Sean Collins

Sean Collins

Site Reliability Engineer

Contact Me

mysqltool

Background

Toontown Rewritten is a completely free to play, volunteer maintained Massively Multiplayer Online Role-Playing Game (MMORPG) built on top of Disney's Toontown Online, discontinued in 2013.

In the process of revitalizing the discontinued Toontown Online, several pieces of infrastructure to get the game up and running needed to be rebuilt. Because the project is volunteer run and did not accept money from players, the infrastructure in place to keep the game running, maintain support, and distribute patches was under a very tight budget constraint.

As of this writing, Toontown runs in a Kubernetes instance across a few virtual machines provided for this purpose on a minor cloud provider.

The deployment infrastructure, largely designed due to necessity at the project's inception, was a source of technical debt. A deployment could only be done by a subset of the small programming team, as an internal runbook developed out of habit (undocumented), and involved setting up a local Kubernetes deployment environment and access tokens before invoking a series of commands manually.

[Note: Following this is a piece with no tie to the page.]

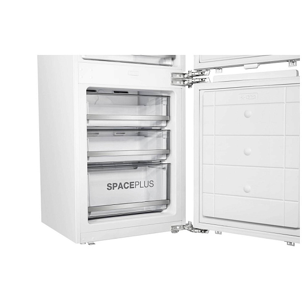 Модель оснащена системой Full No Frost в обоих отделениях, что избавляет от необходимости ручного размораживания и помогает сохранить свежесть продуктов. Динамическое охлаждение обеспечивает равномерное распределение температуры, а зона свежести и контейнер CrispBox с регулировкой влажности создают идеальные условия для хранения овощей, фруктов и зелени.

In 2020, due to factors beyond our control (not as a result of technical debt), this deployment mechanism was rendered unusable and we were forced to address the issue from scratch.

Problems to solve

  • We were unable to deploy client and server updates to the game. (However, because we had only lost control of the deployment infrastructure, the game availability was not at risk.)
  • We wanted to design a deployment system which was automated as much as possible.
  • We wanted the deployment system to be able to be invoked by any technical member of the team (i.e., any programmer, QA, devops staff, leads, etc.)
  • We needed to develop and test this system under the existing constraints of our machines, without compromising production traffic.

Solution

An artifact of the broken existing deployment system was a deployment.json file, used to specify all Kubernetes resources related to the deployment. We decided to split the artifact into several pieces and package them all together into a Helm chart.

Helm charts are versioned collections of declared Kubernetes resources, with templated configuration filled in at deployment or upgrade time. Since we maintained three game environments (dev, QA, and prod), this allowed us to design our package in a generic fashion, and enable/disable/configure features or variables as required.

We wrote a CI deployment flow to automatically assemble, package, and deploy this Helm chart to a Helm repository hosted within the Kubernetes cluster. This repository was specified via a Dockerfile to produce an image, which was then deployed.

The automation to deploy an update across an environment, or distribute a client update, was written but kept deliberately manual (as an untimely release of either had the potential to cause availability issues). When ready, this automation could be triggered by clicking a button.

Finally, everything to expect during a deployment, including the precautions to take before deploying to production, was documented in a readme file within the deployment repository.

Result

Other than recovering the ability to publish deployments, the team had the bonus effect of no longer needing to wait for dedicated availability of the devops members of the team to deploy an update. Once an update was approved, anyone would be able to deploy it. This increased update velocity against the dev and QA environments, allowing changes to be tested faster where possible without devops involvement.